# Please explain sharpening on bench sized nagura



## Smashmasta (Oct 17, 2016)

I've stumbled over a video of Maxim sharpening on full bench sized chu nagura, which I haven't really heard of being done before as I think that's more common in the sword world. So what would be the benefit of using chu, or asano nagura on knives? Is it worth it to try and find some?

Thanks


----------



## jklip13 (Oct 17, 2016)

If you can control the amount of slurry properly, I find chu and koma to be much faster than their Honyama alternatives


----------



## Badgertooth (Oct 17, 2016)

Yeah Jon's pre-empted something I was going to post as I've just started trying out a larger Junzo Mikawa Nagura. I couldn't tell you much more about its provenance or whether it's chu or koma but it requires more water than you'd think and is really fast for a natural. Like almost synthetic fast. Leaves a great toothy edge and if you're careful with your slurry dilution and pressure, it leaves a lovely finish on soft iron cladding.





More to follow when I've got my good camera out and spent some more time with it.


----------



## bennyprofane (Oct 17, 2016)

I've read that the Chu Nagura is really great as a sharpening bench stone but I don't see them anywhere available. Metalmaster used to have them. Anyone know any other source?


----------



## jklip13 (Oct 17, 2016)

Check out Namikawa Heibei


----------



## Smashmasta (Oct 17, 2016)

bennyprofane said:


> I've read that the Chu Nagura is really great as a sharpening bench stone but I don't see them anywhere available. Metalmaster used to have them. Anyone know any other source?

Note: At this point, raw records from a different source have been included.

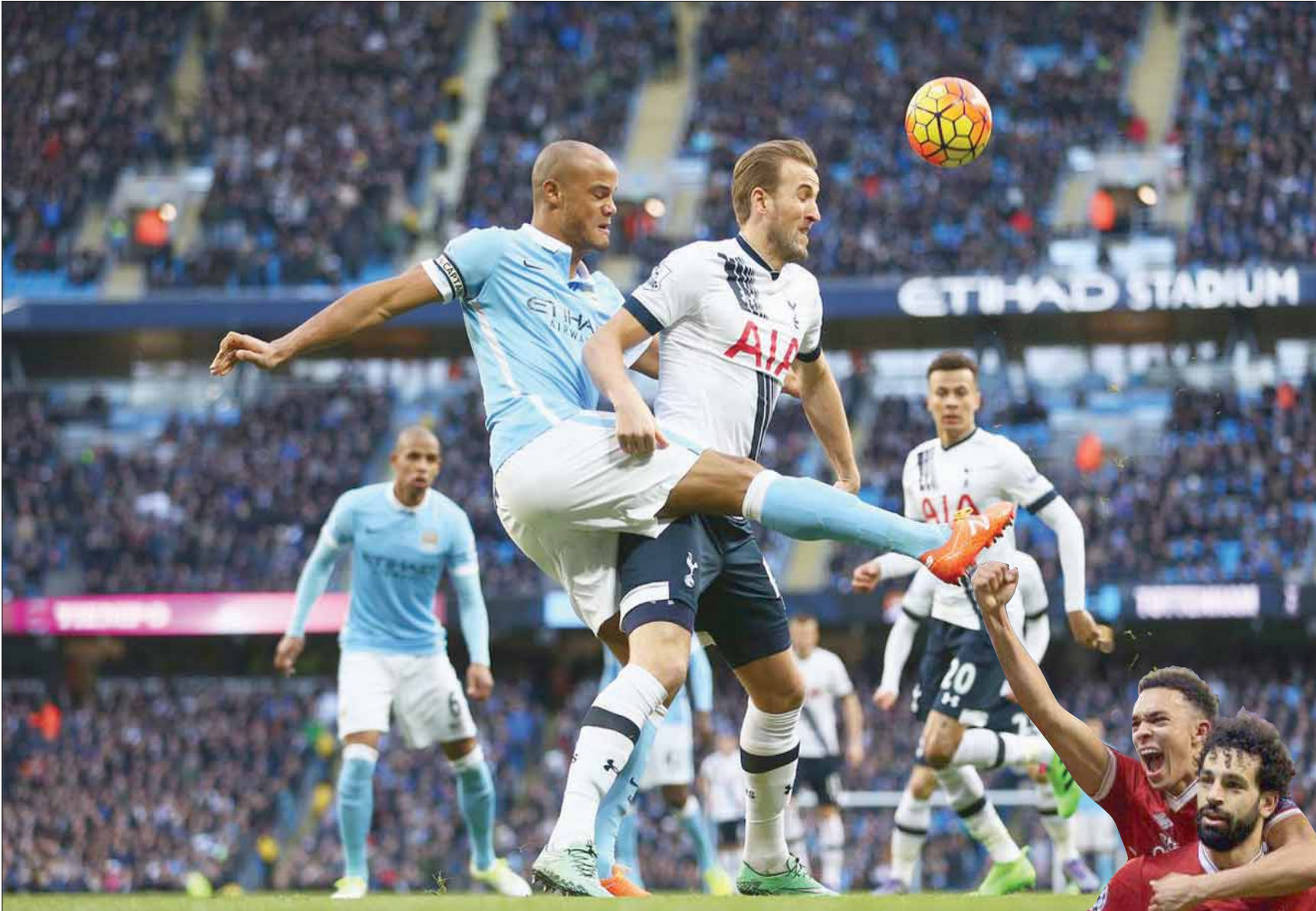
كين وكومباني نجما توتنهام ومانشستر سيتي ينقلان صراعهما المحلي إلى دوري الأبطال

ويمكن القول بأن أحد أبرز الجوانب المتعلقة بمواجهة الأندية الإنجليزية لبعضها البعض في دوري أبطال أوروبا يتمثل في أنها قد تساهم في خلق عداء جديد بين الجماهير الإنجليزية، على الرغم من أن العلاقات بين مشجعي مانشستر سيتي وتوتنهام هوسبر توترت كثيراً، وتتمنى أن تظل كذلك. وفي النهاية، فإن عشاق الساحرة المستديرة حول العالم يتطلعون لقاء مانشستر سيتي وتوتنهام هوسبر لأنه يجمع أفضل فريقين في إنجلترا من الناحية الهجومية، ومن المؤكد أنه سيكون لقاء ممتعاً للغاية.
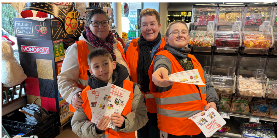
La collecte de la Banque Alimentaire du CMJ au Carrefour Express et ses résultats (460 kg + 141,5 kg par les 2 écoles et le Péri = 601,5 kg pour Lipsheim).
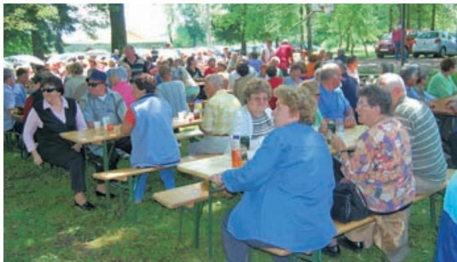
Društvo upokoјencev Smlednik je lani organiziralo srečanje upokoјencev občine Medvode.
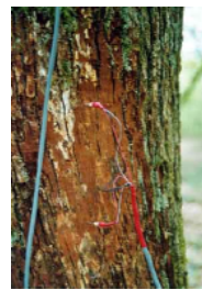
Les deux thermocouples insérés dans l'aubier

Seule la conduction est prise en considération les autres étant considérés comme négligeables. Le coefficient de transfert de chaleur dépend du flux de sève.
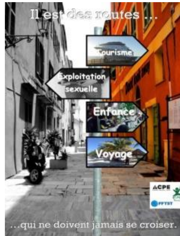
Affiche gagnante de l'édition 2017 Lycée Saint Vincent de Paul (Nîmes)
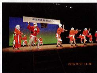
鹿兒島 谷山サザンホール
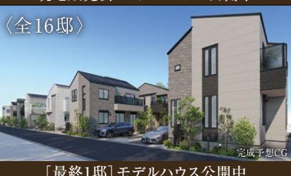
[最終1邸] モデルハウス公開中
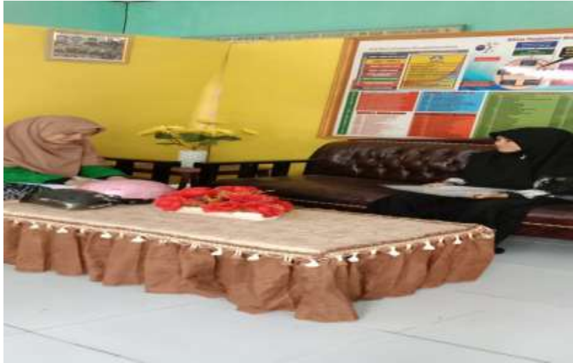
Foto bersama guru PAI pada saat validasi soal

Foto bersama kepala sekolah pada saat pemberian surat izin penelitian sekaligus melakukan wawancara terkait profil sekolah
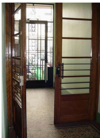
Vestibule-sas IVR82_20046903539NUCA
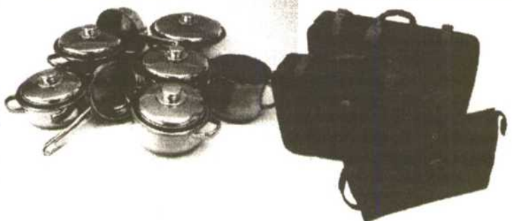
50 Juegos de MALETAS
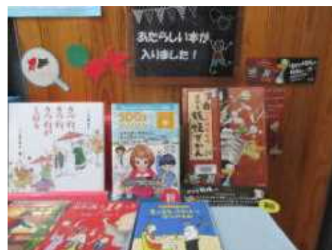
↑ 夏休み明けの本の紹介コーナーです。新刊が2冊入りしました。

朝夕の涼しさが秋の訪れを感じさせます。今年は残暑という言葉はあまり使うことがないようです。ならば、「読書の秋」をさらに楽しめるようにしたいと思います。
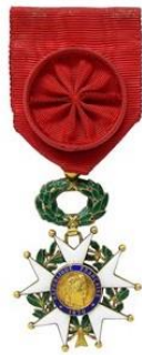
Legion d'Honneur IV
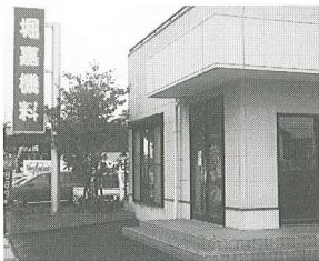
堀嘉機料 代表者 堀 博史
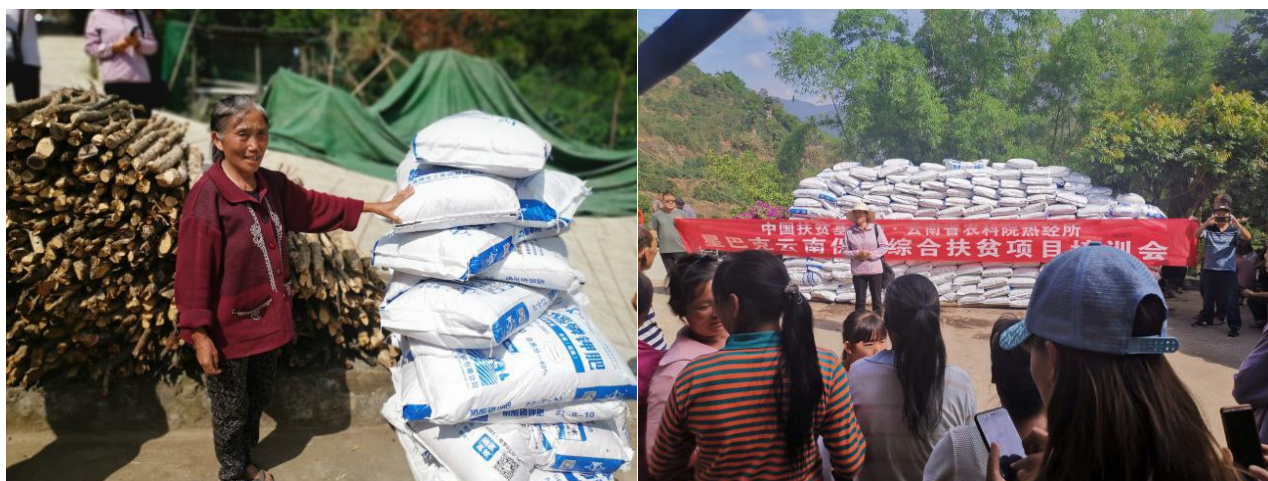
赧亢村肥料培训及发放
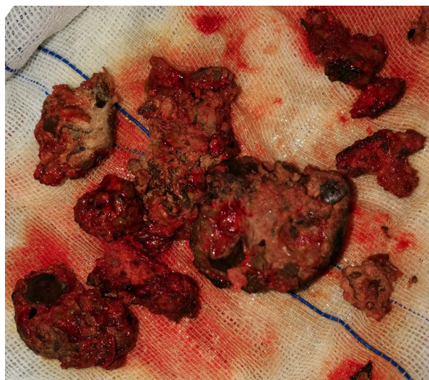
Figure 2. Plant gastrolith was removed during the operation 图 2. 术中取出植物性胃石
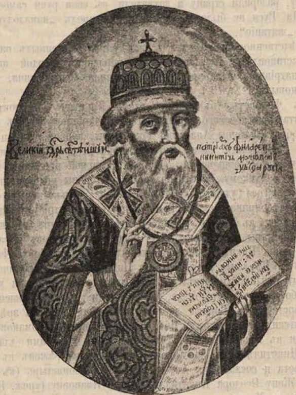
Святѣйшій патриархъ Филаретъ.

тельства и шестичасовой бесѣды съ посольствомъ—Ипатьевскій монастырь въ Костромѣ и монастырскій соборъ; самъ Михаилъ ѣдетъ прежде всего для говѣнія въ Лавру, оттуда въ Москву и здѣсь его встрѣчаютъ по-церковному съ крестами и хоругвями, ведутъ въ Успенскій Соборъ и заключаютъ коронованіемъ въ томъ же Соборѣ—въ іюнѣ 1613 г. Около него мать — монахиня
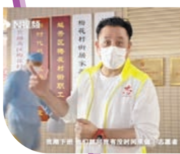
麥長青收工後仍不辭勞苦當義工。

另外，藝人黃一山（細龜）多年來在內地有不俗的發展，現時他在廣州，當地開始有疫情爆發，他也一盡市民責任去做核酸測試。細龜於前晚到檢測採樣站時，依然大排長龍，醫護人員忙個不停，細龜拍下打氣視頻表示：「現在已經是晚上 10 點，我在樓下的小區排隊做核酸（檢測），你看現在排隊的人還是蠻多的，其實我們不算辛苦，最辛苦還是那些工作人員，他們穿着厚厚的防疫衣服不透風，從早上開始工作到現在，廣州白天的溫度是 30 多度，他們頂着那種很辛苦的環境工作，所以我們都要配合他們，我相信疫情終會過去，廣州加油！中國必勝！」細龜亦表示，這半個月已拒絕一切應酬及工作，乖乖留在廣州。
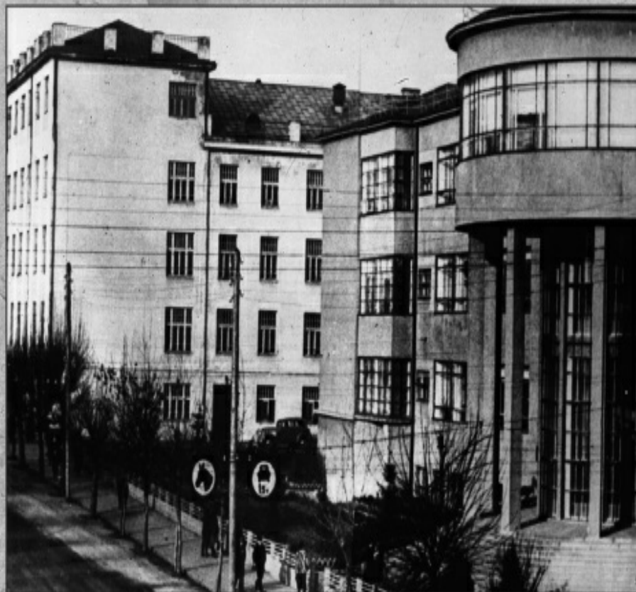
Будынак ЦК КП(б)Б. 1932 г.
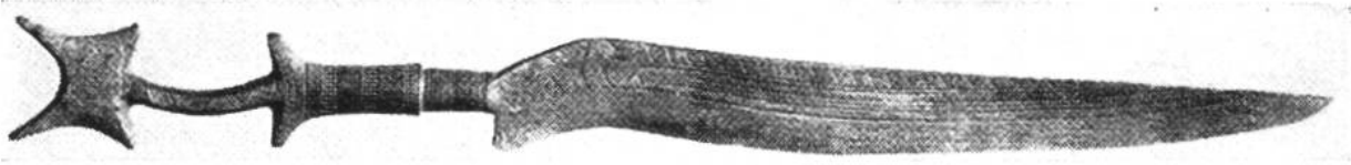
Bronzemesser mit Phantasiegriff.

gen; einzig die Eigenschaft der Giessbarkeit fehlt dem reinen Kupfer wegen zu starker Neigung zur Sauerstoffaufnahme und Blasenbildung beim Schmelzen. Die Legierungen dagegen, Bronze (gewöhnlich 90% Kupfer und 10% Zinn) und das dünnflüssigere Messing (Kupfer und Zink) sind giessbar. – Der Bronzeguss ist erst um 600 v. Chr. auf der Insel Samos erfunden worden; die ägyptischen Bronzen sind nicht gegossen, sondern aus Bronzeblech genietet.
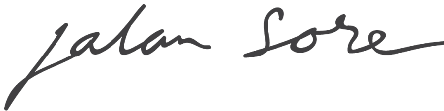
Gambar 2.1. Logo Perusahaan Jalan Sore

Rumah produksi Jalan Sore merupakan rumah produksi yang dibentuk pada tahun 2016, namun secara resmi berdiri pada tanggal 27 April 2018 di bawah PT Ruang Antar Bintang. Rumah produksi terletak di Kebayoran Baru, Jakarta Selatan.
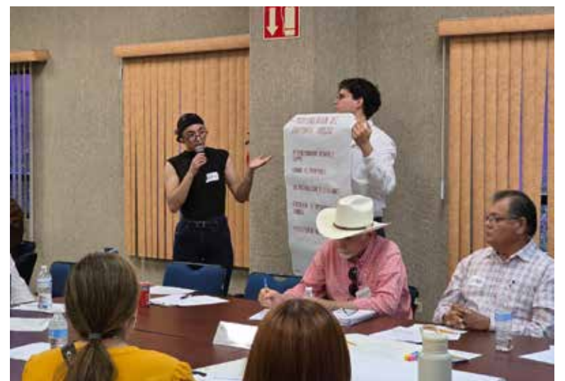
Se realizó en las instalaciones del Itson Náinari la primera sesión del taller y foro denominado ‘La Movilidad como Factor de Desarrollo en el Municipio de Cajeme’.

consulta se busca, entre otros objetivos, fomentar alternativas de transporte eficientes, seguros y sostenibles, además de reducir la dependencia del automóvil par-
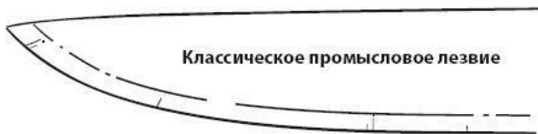
Классическое промысловое лезвие
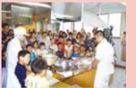
給食・食育振興財団 ☎54-2090

●むさしのマルシェ、むさしの給食食堂、展示教室、展示体験コーナーなど／会場：市民会館／給食・食育振興財団 ☎54-2090
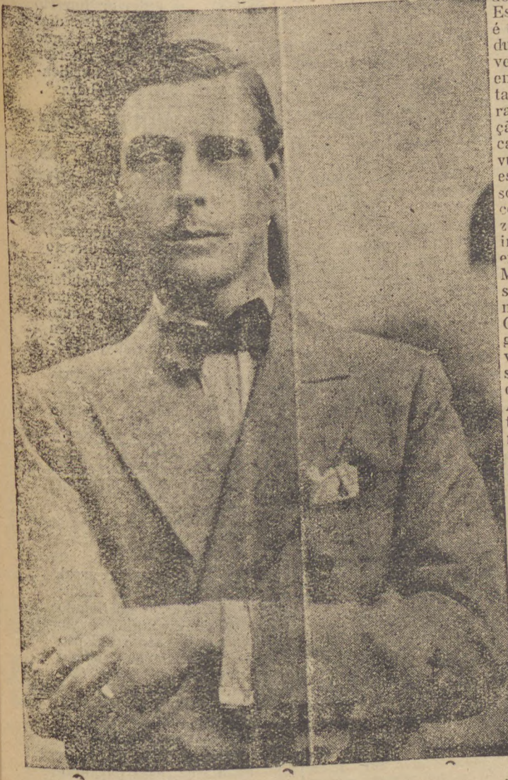
DUQUE DE WINDSOR

"Os estadistas que se dedicarem á restauração da segurança internacional devem agir como bons cidadãos do mundo e não apenas no caracter de bons francezes, italianos, allemaes, americanos ou britannicos — diz o Duque de Windsor
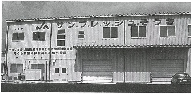
▲完成した野菜集出荷場

消費者には、より新鮮な野菜が供給され、生産者には、野菜の安定出荷・省力化がはかられ、規模拡大が可能になるものと期待されています。
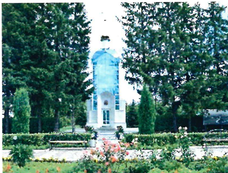
Православная часовня-усыпальница над могилой А.Г. Николаева (2005 г.).
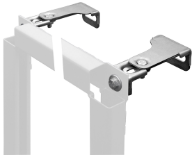
Staffe a parete AQUAFIX
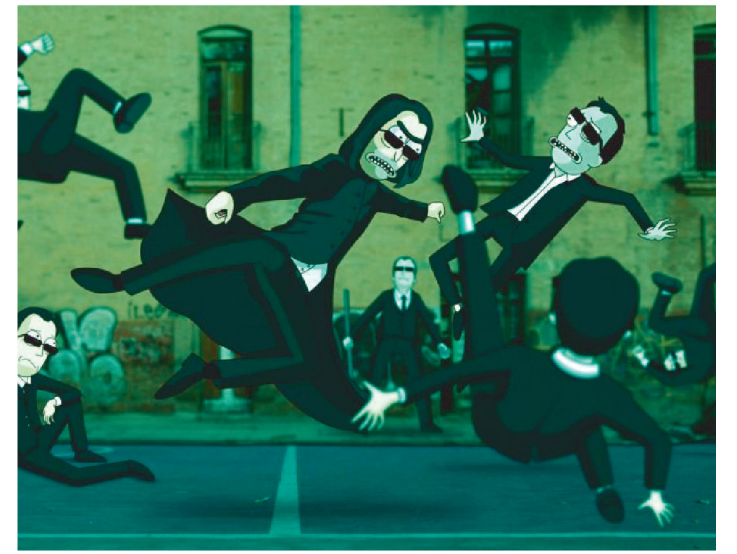
NA IMAGEM, RICK SANCHEZ ESTÁ VESTIDO COMO O NEO

The Matrix Resurrections, o novo filme da saga Matrix, mal estreou nos cinemas e já está rendendo burburinho nas redes sociais. A animação Rick and Morty é uma das atrações que entraram no hype do novo filme e publicaram uma arte própria no universo da simulação.
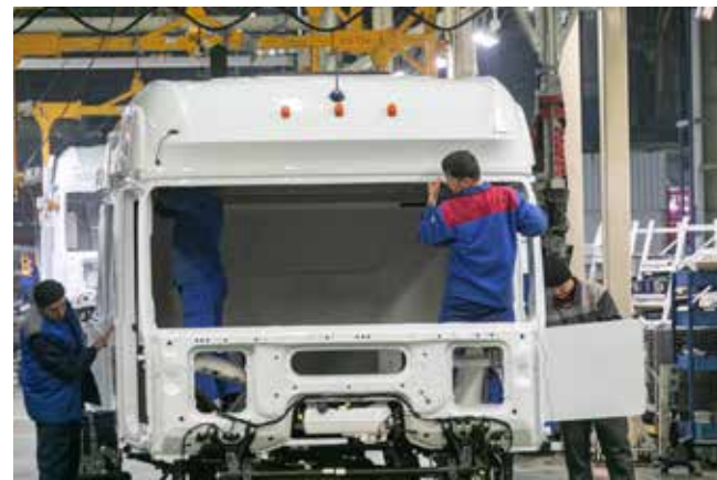
На конвейере есть всё необходимое для сборки кабины

— Один из критериев отбора поставщиков — обязательная способность обеспечения всех наших заказов. Резервов хватает.
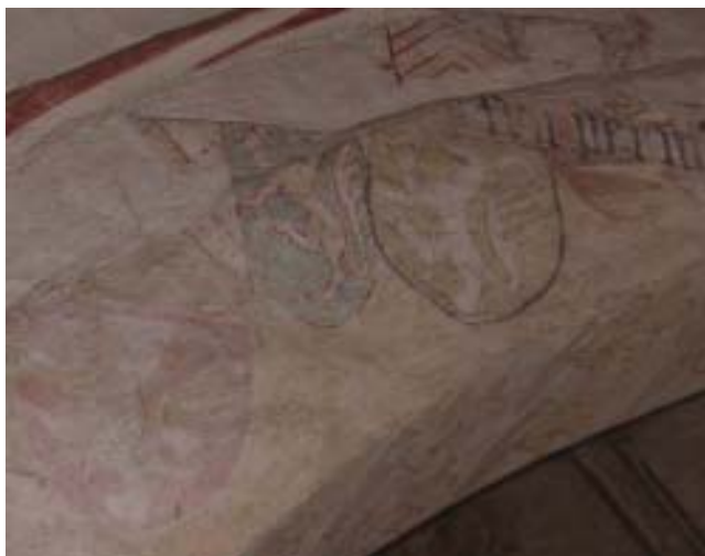
Bild 2. Överst till höger syns inskriften "fru pernilla", antagligen syftande på Niels Svendsens bustru Pernille Pedersdatter (Thott). Kring hennes sköld är ett par sköldar målade vars ägare är oklara.

Bilden på den norra korväggen innehåller en vapensköld, placerad omedelbart under de avbildade personerna. Dessvärre syns numera endast sköldens konturer och en hjälm med hjälmprydnad. Prydnaden innehöll ursprungligen buffelhorn med vippor eller
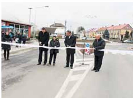
■ V kraji prošlo rekonstrukcí řada silnic.

Stejně jako ozdravení financí je ale nutné ozdravovat i mezilidské vztahy. Přestože není člověk ten, který by se zavděčil lidem všem, věřím, že dialog a naslouchání je pořád mojí silnou stránkou.
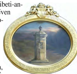
A dardzsilingi síroszlop festménye, gróf Széchenyi István keretbe vésetett szövegével

1842 februárjában megkísérelte a Lhaszába való eljutást. A Mahananda folyó mocsaras, egészségtelen éghajlatú vidékén maláriát kapott. Március 24-én megérkezett Dardzsilingbe. Április 4-én súlyos rohamok és láz kínozták. Április 11-én, reggel 5 órakor Károly Csoma Sándor földi élete véget ért. Másnap a dardzsilingi európai temetőben helyezték végső nyugalomra, a Himalája harmadik legnagyobb csúcsa, a Kancsendzönga árnyékában.
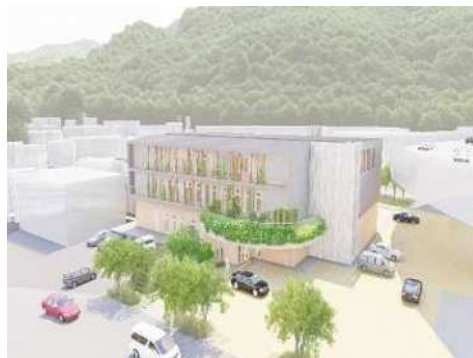
北区における新たな建設事務所 整備イメージ
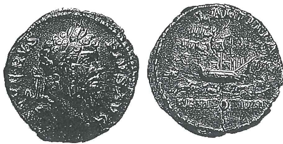
Fig. 1. Monnaie de Septime Sévère portant au revers un navire dans le Grand Cirque accompagné de la légende LAETITIA TEMPORVM ( RIC , IV, 1, 125, n° 174, pl. 7.10).
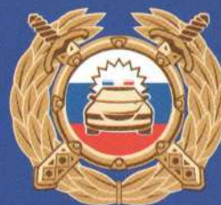
Госавтоинспекция МВД России
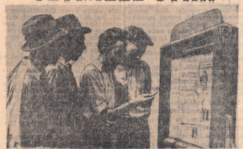
Pe aria comunei Vida din regiunea București, s-a instalat un panou în care ziarul este zilnic schimbat. În pauza de prînz, țărani muncitori vin și citeșc aici ultimele știri.
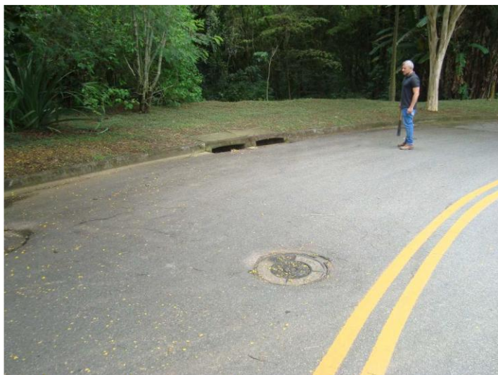
Figura 1 - curva da Rua Perúgia, final da rede de drenagem, com PV e boca de lobo

O ponto de lançamento consiste em canal de alvenaria com 5,6m de extensão e 1,9m de largura cuja extremidade não atinge a margem do córrego, estando a 20m de distância. Nesse trecho, a vazão era lançada sobre o solo na encosta do terreno, percorrendo esse trecho até atingir o curso d'água, sem revestimento, o que resultou em processo erosivo devido à velocidade tanto da chegada quanto do escoamento em superfície, e devido à falta de dissipador de energia, criou-se uma concha de erosão em todo o trecho, com taludes a prumo e instáveis.
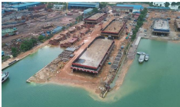
Gambar 1. 3 Dock 1

Digunakan untuk docking/undocking kapal kebanyakan berjenis Tugboat dengan menggunakan sistem docking slipway menggunakan airbag . Dimana Lokasinya berada di Jl. Dapur 12, Sungai Pelunggut, Kecamatan Sagulung, Kota Batam, Kepulauan Riau, 29434 Untuk lebih jelas dapat kita lihat pada gambar 1.3

Benny, jklip13 is right, and I stumbled on this page too, which combined with Jon's video made me ask the question - they've got a tooooon:

http://www.namikawa-ltd.com/product-list/3


----------



## Smashmasta (Oct 17, 2016)

Since there are so many, I'll wait until Badger uploads a more detailed review before pulling the trigger.


----------



## bennyprofane (Oct 17, 2016)

Unfortunately, they're all tiny. Even the big expensive ones are just 40mm wide. Perhaps because they are made for sword sharpening. But if you compare with the ones MM had, these were much better sized and prized:
http://www.metalmaster-ww.com/product-list/32


----------



## Smashmasta (Oct 17, 2016)

bennyprofane said:


> Unfortunately, they're all tiny. Even the big expensive ones are just 40mm wide. Perhaps because they are made for sword sharpening. But if you compare with the ones MM had, these were much better sized and prized:
> http://www.metalmaster-ww.com/product-list/32



Thanks for pointing that out. I would've been seriously disappointed had I ordered one. Gotta pay more attention, gotta pay more attention! :detective:


----------



## jaknil (Oct 17, 2016)

Full size Chu Nagura in top quality:
http://www.japanesenaturalstones.com/chu-nagura-a982/


----------



## Smashmasta (Oct 18, 2016)

jaknil said:


> Full size Chu Nagura in top quality:
> http://www.japanesenaturalstones.com/chu-nagura-a982/



Is there a way to start a kickstarter fund here lol...


----------



## Smashmasta (Oct 18, 2016)

Still don't understand the use for a bench sized nagura. Is it more for polishing, or does it actual sharpen? Regarding trying to get my nomenclature correct - if it was used to sharpen on the stone itself, wouldn't the term 'nagura' no longer apply as it isn't be used to create a slurry?


----------



## bennyprofane (Oct 18, 2016)

Chu Nagura is the name of the stone, it can be used as a Nagura (slurry stone) but also as a fine grit finisher or pre-finisher whetstone with a grit of around 6000. Any stone can be a Nagura and in this case you would call them Tomo Nagura. From what I hear the Chu Nagura used as sharpening stone is a great stone and very fast for it's grit.


----------



## jaknil (Oct 18, 2016)

Tsushima Nagura, at a lower price than the above mentioned Chu Nagura:
http://www.japanesenaturalstones.com/big-tsushima-nagura/
Note the free shipping.
Also a full size stone.


----------



## jaknil (Oct 18, 2016)

PS: Be sure to read the reviews on the Tsushima Nagura.
There is a lot of info on the stone.


----------



## bennyprofane (Oct 18, 2016)

MM has them even cheaper and they seem to be quite good: http://m.ebay.com/itm/262510298482

But from all what you can read here about Tsushimas, they dont seem to be very popular. Quite sticky to sharpen on...


----------



## Badgertooth (Oct 19, 2016)

My initial thoughts guys

http://www.kitchenknifeforums.com/showthread.php?t=29089


----------



## Smashmasta (Oct 21, 2016)

Badgertooth said:


> My initial thoughts guys
> 
> http://www.kitchenknifeforums.com/showthread.php?t=29089



As per usual, thanks Badger!


----------